A technological revolution had transformed travel for ancient herders around that time. Of course they couldn’t make online hotel reservations. Trip planners would have searched in vain for a Steppe Depot stocked with essential tools and supplies. The closest thing to a traveler’s pit stop was a mountain stream and a decent grazing spot for cattle. Yet, unlike anyone before, these hardy people had the means to move — wheels, wagons and horses.
Here’s how the journeys may have played out: At a time when rainfall dwindled and grasslands in western Asia turned brown, oxen-pulled wagons loaded with personal belongings rolled west, following greener pastures into central and northern Europe. Other carts rumbled east as far as Siberia’s Altai Mountains, where Russia, China, Mongolia and Kazakhstan meet today. Families of men, women and children may have piled on board. Or travelers may have been mostly men, who married women from farming villages along the way. Cattle, sheep and goats undoubtedly trailed along with whoever made these trips, under the watchful guidance of horse riders. Wagons served as mobile homes while on the move and during periodic stops to let animals graze.

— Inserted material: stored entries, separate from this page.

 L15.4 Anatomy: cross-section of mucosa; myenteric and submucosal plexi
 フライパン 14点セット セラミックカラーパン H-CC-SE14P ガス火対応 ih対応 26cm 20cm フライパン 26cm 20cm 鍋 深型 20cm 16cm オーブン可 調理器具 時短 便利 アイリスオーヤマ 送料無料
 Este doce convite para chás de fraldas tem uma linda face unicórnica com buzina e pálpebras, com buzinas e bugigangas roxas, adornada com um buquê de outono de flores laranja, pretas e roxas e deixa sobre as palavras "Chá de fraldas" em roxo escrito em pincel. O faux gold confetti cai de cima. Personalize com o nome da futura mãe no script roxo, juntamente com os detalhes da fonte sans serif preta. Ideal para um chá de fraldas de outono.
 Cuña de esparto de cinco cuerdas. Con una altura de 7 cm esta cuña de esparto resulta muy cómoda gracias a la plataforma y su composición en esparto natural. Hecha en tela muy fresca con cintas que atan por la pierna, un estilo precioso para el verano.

These journeys, by people now known as the Yamnaya, transformed human genes and cultures across a huge swath of Europe and Asia. Yamnaya people left their mark from Ireland to China’s western border, across roughly 4,000 kilometers.

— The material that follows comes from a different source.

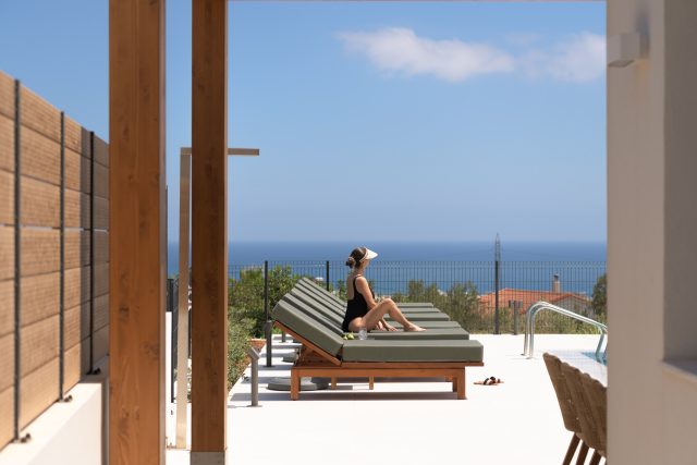 This delightful holiday villa exudes warmth with its minimalist design and carefully curated details. Spanning 120m² of indoor space, it offers three comfortable bedrooms, each with an en-suite bathroom, along with a cozy living area and a fully equipped kitchen—perfect for a serene family retreat. For added convenience, there is an additional WC near the living area. Accommodating up to seven guests, the villa is thoughtfully designed for both comfort and privacy. One of the bedrooms features its own entrance, providing enhanced individuality and direct access to the pool. A TV is provided in the living room and one of the bedrooms, thoughtfully placed to maintain a tranquil, screen-free ambiance during bedtime, fostering a true sense of sanctuary. With its welcoming ambiance and practical layout, this villa offers an ideal setting for a relaxed, sea-view getaway.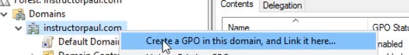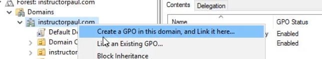 - Right click the domain and choose to Create a GPO in this domain, and Link it here...

Two pioneering studies of ancient DNA, published in Nature in 2015, unveiled the Yamnaya people’s big moves. Getting those results was a pivotal moment for researchers who study the Eurasian Bronze Age, which stretched from around 5,000 to 3,000 years ago. Those two millennia witnessed the rise of metalworking, writing systems and other signature features of urban civilizations.

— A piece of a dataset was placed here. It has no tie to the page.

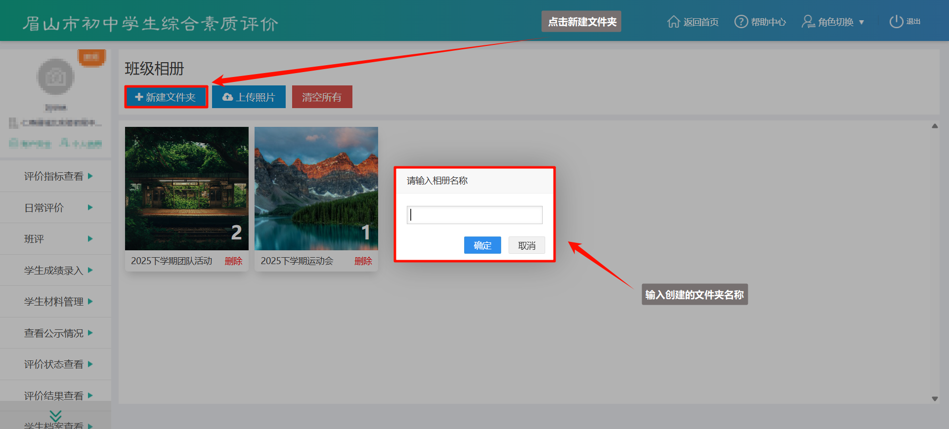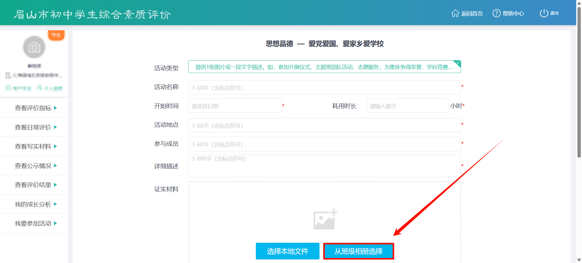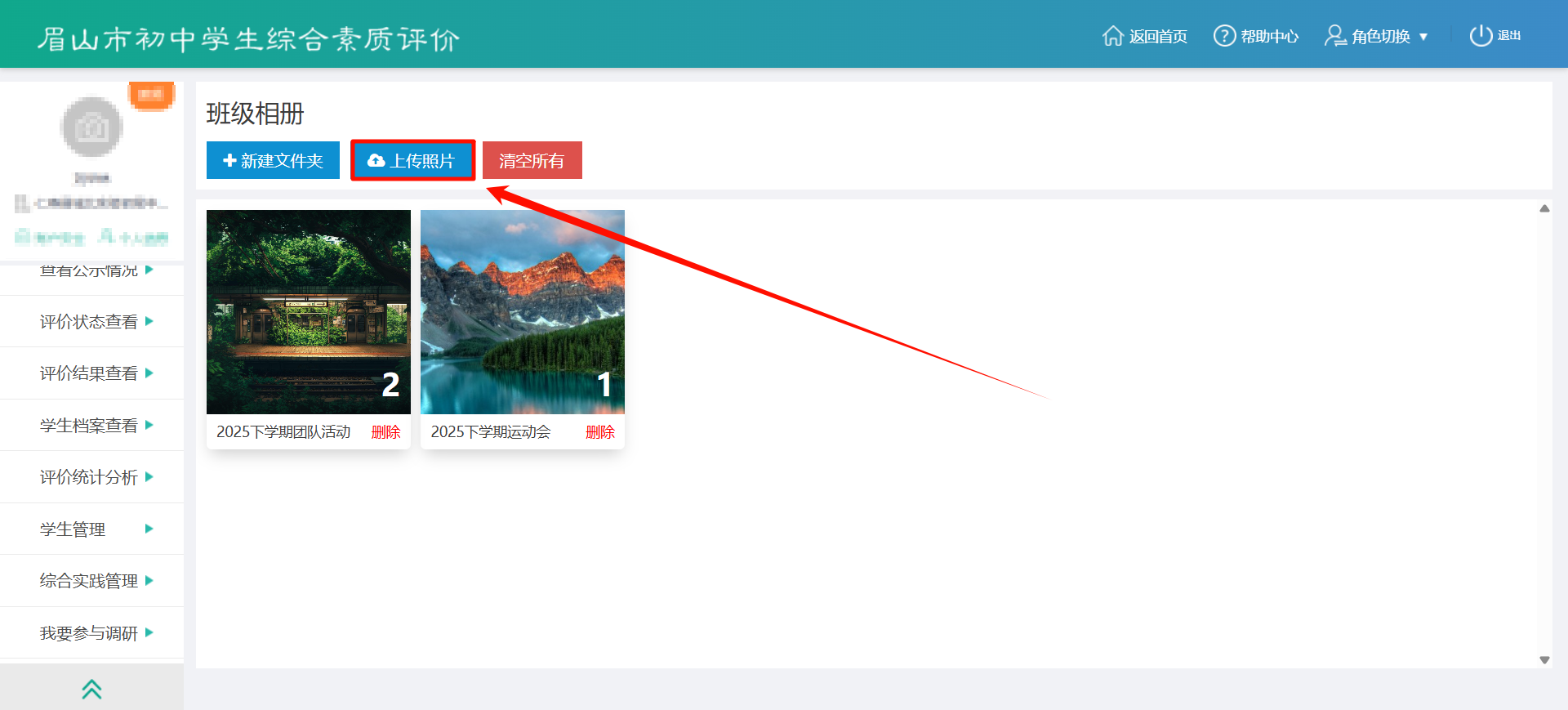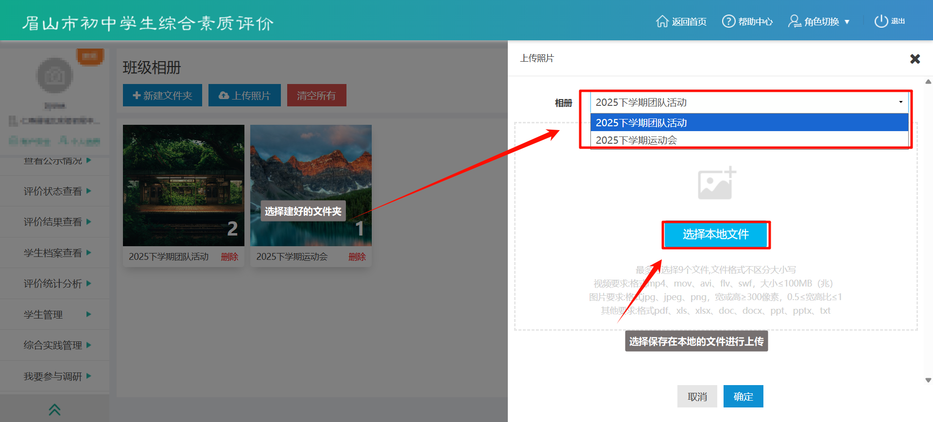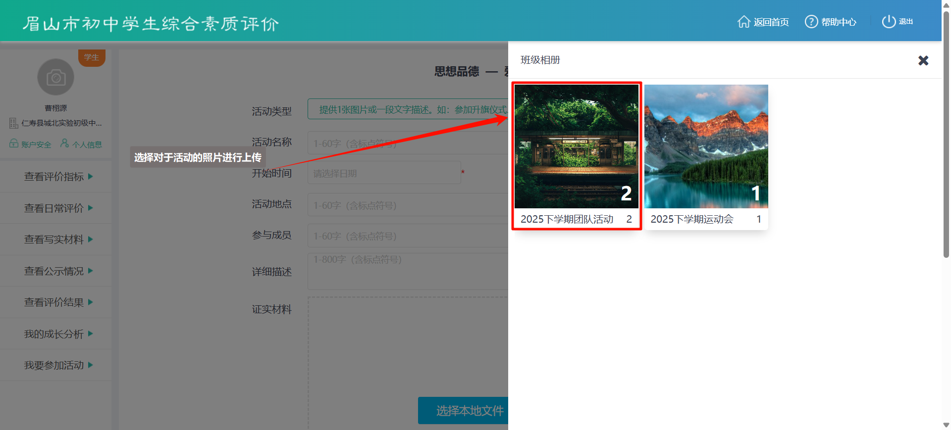 - 学生:在上传材料时可从班级相册中选择已有照片。

Now new papers try to explain how Yamnaya DNA made major inroads into Bronze Age Europe during the first 200 to 300 years of that key period. The two studies differ on whether the Yamnaya influenced European cultures and languages in one big sweep or over an extended period.
A mobile web
Researchers have often overlooked these Yamnaya nomads and other herding cultures as early forces of globalization. But archaeological evidence increasingly portrays Bronze Age pastoralists — who moved their cattle and campsites from one seasonal grazing spot to another — as a web of mobile societies that formed an intercontinental communication system. Research at sites across Asia’s grasslands, foothills and mountain ranges indicates that these herders forged extensive trade networks crucial to the rise of agricultural states. Herders still thrive in several parts of the world today, providing a variety of services to towns across remote, mountainous parts of Asia.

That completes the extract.